Se è vero che le astronavi extraterrestri esistono, dovrebbero avere dei propulsori talmente efficienti e potenti da coprire distanze enormi, considerando che la velocità della luce per come la conosciamo impiega oltre 2 milioni di anni per arrivare alla galassia più vicina.
Il dibattito sull'esistenza di forme di vita aliene di recente si è riacceso dopo l'avvistamento di Oumuamua, un oggetto volante non identificato scoperto il 19 ottobre del 2017 che è stato definito il primo asteroide interstellare ad essere entrato nel nostro sistema planetario.
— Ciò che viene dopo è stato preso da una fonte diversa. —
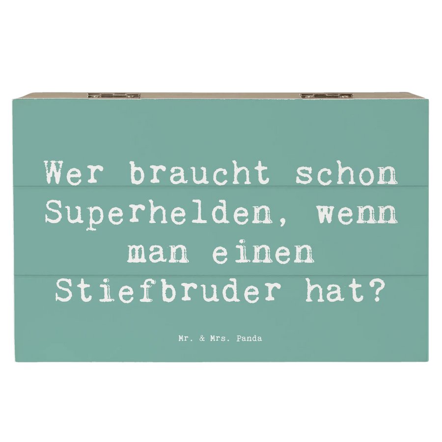 Die wunderschöne Holzkiste von Mr. & Mrs. Panda ist das perfekte Geschenk für deinen Stiefbruder! Mit dem charmanten Spruch "Wer braucht schon Superhelden, wenn man einen Stiefbruder hat?" zeigt diese Erinnerungskiste, wie besonders die Beziehung zu einem Stiefgeschwisterteil sein kann.

Oumuamua (che significa “messaggero che arriva per primo da lontano” in lingua hawaiana, visto che è stato inquadrato per la prima volta da un osservatorio situato alle Hawaii) ha infatti alcune caratteristiche che potrebbero far pensare ad un veicolo realizzato da una forma di intelligenza ignota e non ad un fenomeno naturale come una cometa. Ad esempio non è avvolto da gas come una cometa, si muove più velocemente di un asteroide a 95.000 chilometri l'ora, ha una forma allungata mai vista prima d'ora e una traiettoria molto peculiare, poco assimilabile a quella di altri corpi celesti conosciuti.
Cos'è allora Oumuamua? Gli astrofisici si stanno ancora interrogando e le posizioni sono molteplici: due di questi, Shmuel Bialy e Abraham Loeb dell'Harvard Smithsonian Center for Astrophysics dell'Università di Harvard, hanno avanzato un'ipotesi piuttosto suggestiva, che però secondo il metodo scientifico potrebbe essere, come le altre, plausibile.
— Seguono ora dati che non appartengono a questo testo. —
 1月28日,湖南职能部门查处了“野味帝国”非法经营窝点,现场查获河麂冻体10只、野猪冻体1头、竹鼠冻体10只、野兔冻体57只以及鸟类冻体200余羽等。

Secondo Bialy e Loeb, Oumuamua potrebbe una nave spaziale o ancora più probabilmente una sonda aliena o una parte di essa inviata dalla popolazione di un'altra galassia ad esplorare nuovi mondi. I due lo hanno messo nero su bianco in un articolo pubblicato dalla autorevole rivista Nature, in cui si legge: «Considerando un'origine artificiale, una possibilità è che Oumuamua sia una vela solare, che galleggia nello spazio interstellare come detrito proveniente da un'attrezzatura tecnologicamente avanzata (Loeb 2018). Vele solari con dimensioni simili sono state progettate e costruite dalla nostra stessa civiltà, incluso il progetto Ikaros e la Starshot Initiative2 . La tecnologia delle vele solari potrebbe essere abbondantemente utilizzata per il trasporto di carichi tra i pianeti (Guillochon & Loeb 2015) o tra le stelle (Lingam & Loeb 2017)».
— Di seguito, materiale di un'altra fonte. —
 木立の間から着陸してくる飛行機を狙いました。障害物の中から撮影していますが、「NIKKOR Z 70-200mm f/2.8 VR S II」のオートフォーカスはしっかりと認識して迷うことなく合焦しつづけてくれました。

Ma cos'è una vela solare? E' un metodo di propulsone per sonde e satelliti che sfrutta la pressione di radiazione della luce del Sole, la quale a sua volta è una radiazione elettromagnetica che in quanto tale genera una piccola quantità di moto che nello spazio diventa significativa. In sostanza le vele solari sono quei grandi specchi che si vedono attaccati ai satelliti e altri veicoli spaziali. Sono realizzate in materiale plastico, metallico o in altre fibre composite e permettono di risparmiare notevolmente carburante se attivate in abbinamento ai motori a reazione chimica impiegati nelle attuali sonde, satelliti e stazioni spaziali.
Il principio è un po' quello della barca a vela che naviga sfruttando sia il motore termico che la spinta offerta dalle vele, una tecnica che permette di risparmiare molto carburante, oltre che a stabilizzare l'imbarcazione da rollio e beccheggio. La differenza è che al posto del vento, le vele solari sono attivate dalle radiazioni del Sole.
«In alternativa, uno scenario più esotico è quello di Oumuamua può essere una sonda completamente operativa inviata intenzionalmente sulla Terra vicinanza da una civiltà aliena», sostengono Bialy e Loeb. Fantascienza?